■ WHAT IS EXPECTED
Please print nothing but the lines from the one with "همکار گرامی جناب" to the last line of the records below, and omit pictures.

■ Records from a data collection
________________________

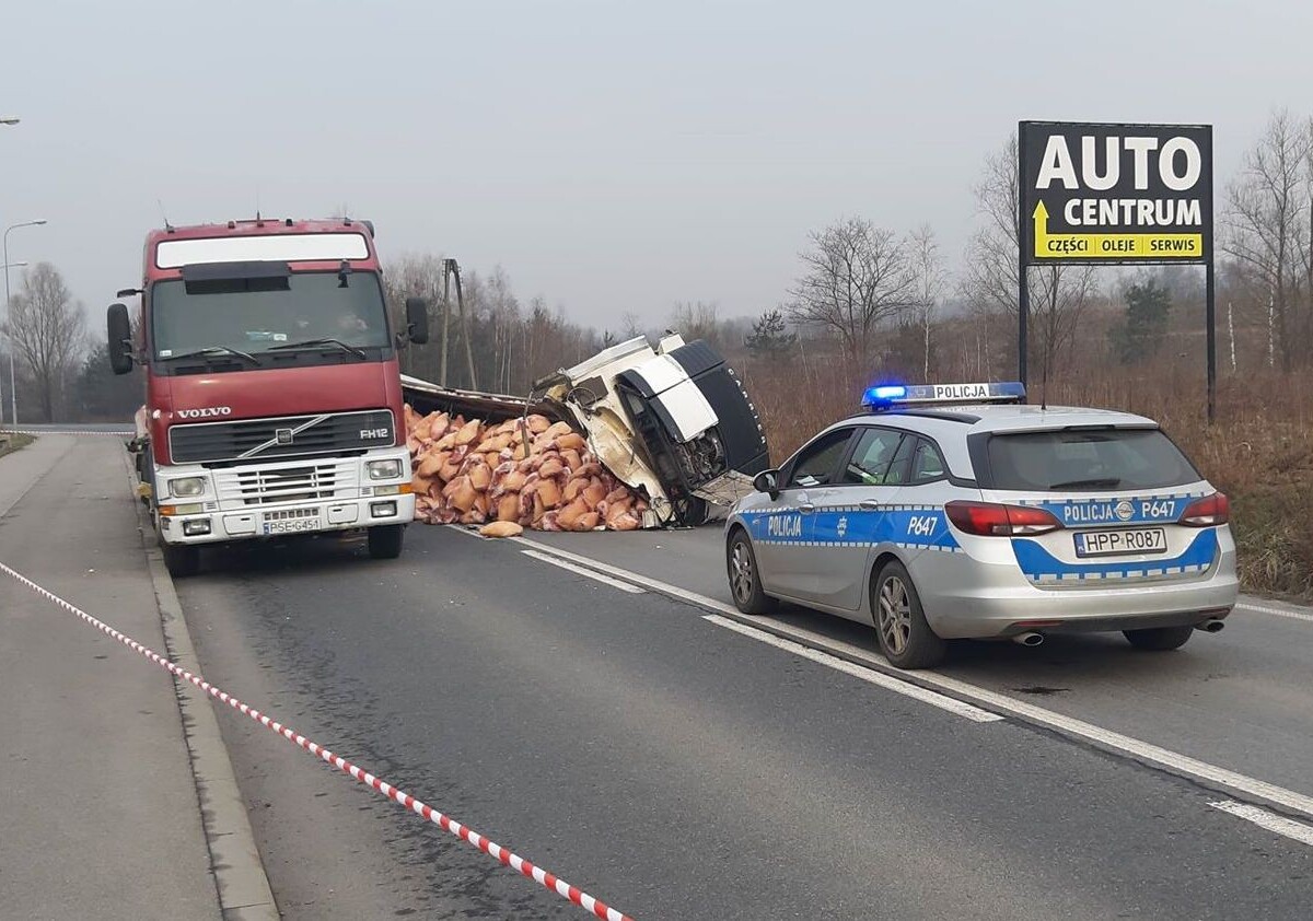 Pojazd został już podniesiony, mięso również zostało usunięte i skierowane do utylizacji. Obecnie strażacy myją nawierzchnię, droga zostanie niebawem ponownie otwarta.
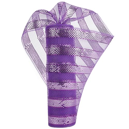 HUIHUANG Purple Deco Mesh 10 inch Wide Purple and Lavender Stripe Poly Mesh Christmas Mesh Ribbon for Trees, Halloween Decor, Wreath Supplies, Swags, Garland, Large Bows-10 Yards
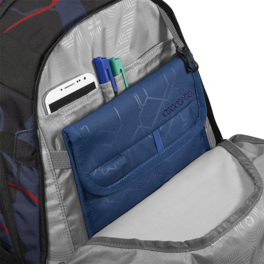 kapsa s organizérem na doklady, psací potřeby, karabinka na klíče a prostorná přední kapsa např. na svačinový box
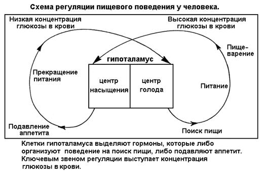 Интересна и показательна регуляция пищевого поведения у позвоночных животных и человека (рис. 21). В гипоталамусе - отделе головного мозга, ответственном за регуляцию вегетативных функций и связующем нервную и эндокринную системы (см. выше) - находятся центры голода и насыщения. В крови голодного животного (или человека) возникает недостаток глюкозы - простейшего сахара (углевода), который всасывается всеми клетками и расходуется для получения энергии (см. сегмент 13). Низкая концентрация глюкозы в крови приводит к раздражению центра голода. По нервным связям отдаются команды в мозг, на мышцы, и организуется поиск пищи. Когда пища найдена, включаются механизмы питания, пищеварения и всасывания продуктов в кровь. При этом белки перевариваются (расщепляются) до аминокислот, липиды до жирных кислот, а сложные углеводы до простых сахаров, в том числе глюкозы. Концентрация глюкозы в крови растет, что приводит к раздражению центра насыщения, далее к подавлению аппетита и прекращению питания. Когда глюкоза расходуется, ее концентрация в крови вновь понижается, отчего раздражается центр голода. Цикл повторяется. Поскольку гипоталамус связан и с нервными центрами, и со всей эндокринной системой, цикл пищевого поведения синхронизирован также с нервно-рефлекторной и гуморальной регуляцией желез пищеварительного тракта: выделяется слюна, желудочный сок, ферменты поджелудочной железы и кишечника, мобилизуется перистальтика.
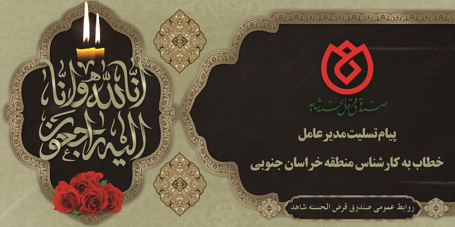 همکار گرامی جناب آقای حمید اسلامی کارشناس محترم منطقه خراسان جنوبی صندوق قرض الحسنه شاهد، بدینوسیله درگذشت مادر گرانقدرتان را به شما و خانواده محترمتان تسلیت عرض نموده، برای آن مرحومه رحمت و مغفرت و برای شما و سایر بازماندگان صبر جمیل را از درگاه خداوند متعال مسئلت می نمایم.
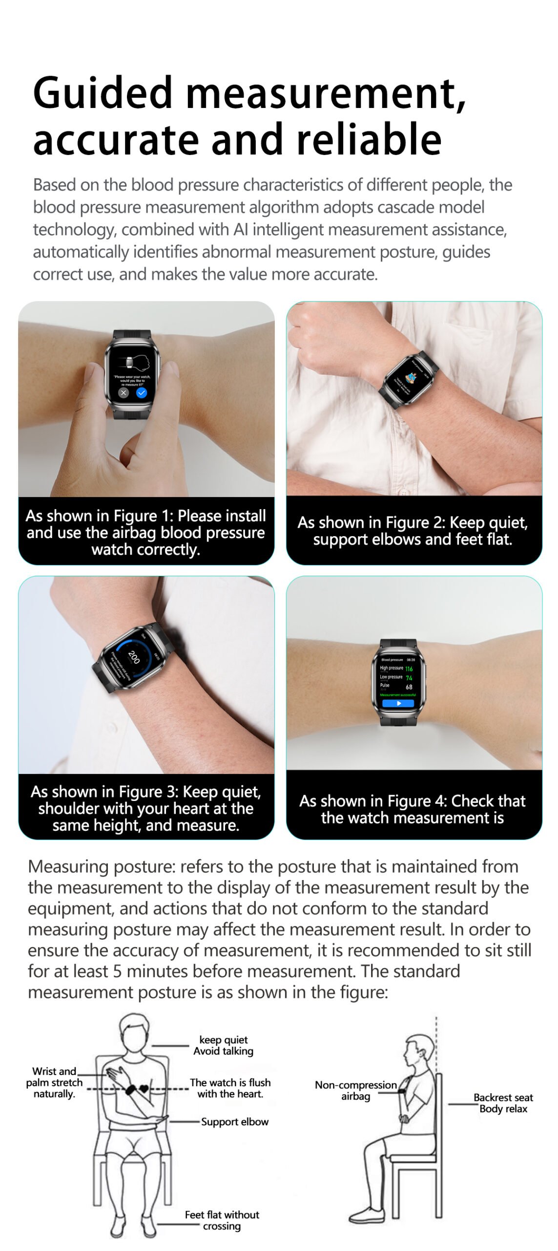 Airbag Blood Pressure, ECG, Elderly, Fitness, Health, Smart Watch, Stylish

________________________

■ ANSWER SPACE
 همکار گرامی جناب آقای حمید اسلامی کارشناس محترم منطقه خراسان جنوبی صندوق قرض الحسنه شاهد، بدینوسیله درگذشت مادر گرانقدرتان را به شما و خانواده محترمتان تسلیت عرض نموده، برای آن مرحومه رحمت و مغفرت و برای شما و سایر بازماندگان صبر جمیل را از درگاه خداوند متعال مسئلت می نمایم.
 Airbag Blood Pressure, ECG, Elderly, Fitness, Health, Smart Watch, Stylish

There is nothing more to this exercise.